___ GIVEN INFORMATION ___

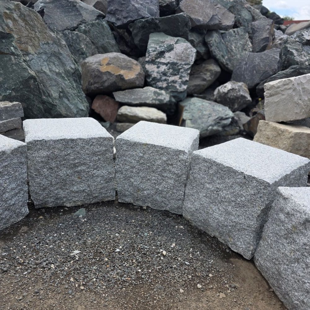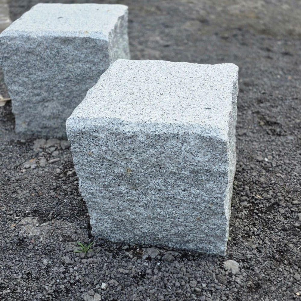 Granitwürfel grau 50 gesägt, gefaste K. gestrahlte OF
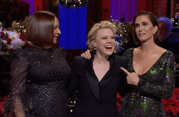 Before the rest of the show got underway, McKinnon sang (altered) Christmas carols about going “home for Christmas” and joked about returning to her former workplace, even flashing her original (and, by her own admission, awkward) NBC ID badge from her first days on SNL, back in 2012. Her former cast mates Maya Rudolph and Kristen Wiig also made surprise appearances during her monologue.
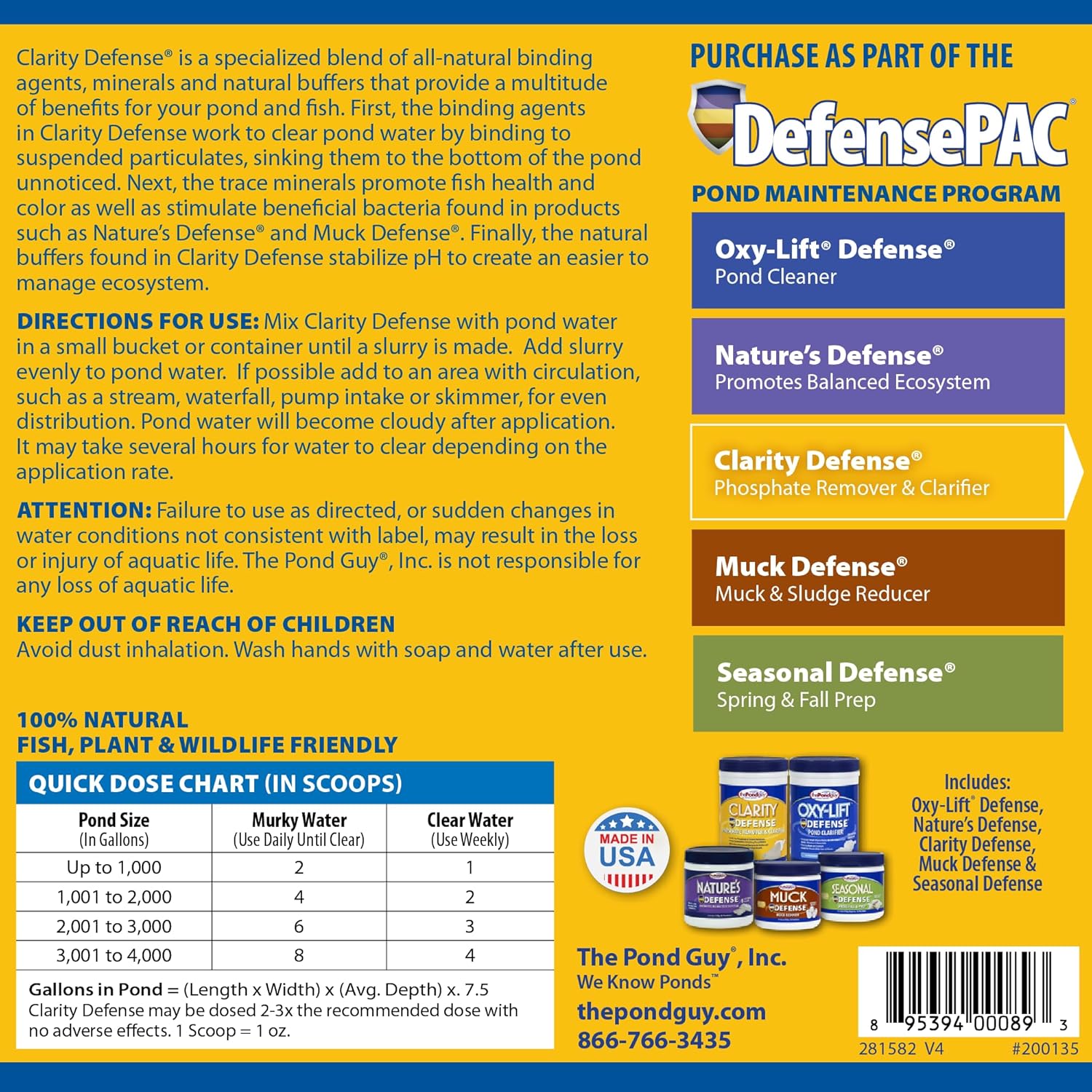 - Easy to Use Pond Maintenance -- When used regularly, Clarity Defense helps maintain crystal clear pond water all season. All natural and safe for animals, fish, pets, plants, and the environment.

___

(TASK REQUIREMENTS)
Exact repetition of each line above is expected; images are to be omitted.

(RESULT OF THE EXERCISE)
 Granitwürfel grau 50 gesägt, gefaste K. gestrahlte OF
 Before the rest of the show got underway, McKinnon sang (altered) Christmas carols about going “home for Christmas” and joked about returning to her former workplace, even flashing her original (and, by her own admission, awkward) NBC ID badge from her first days on SNL, back in 2012. Her former cast mates Maya Rudolph and Kristen Wiig also made surprise appearances during her monologue.
 - Easy to Use Pond Maintenance -- When used regularly, Clarity Defense helps maintain crystal clear pond water all season. All natural and safe for animals, fish, pets, plants, and the environment.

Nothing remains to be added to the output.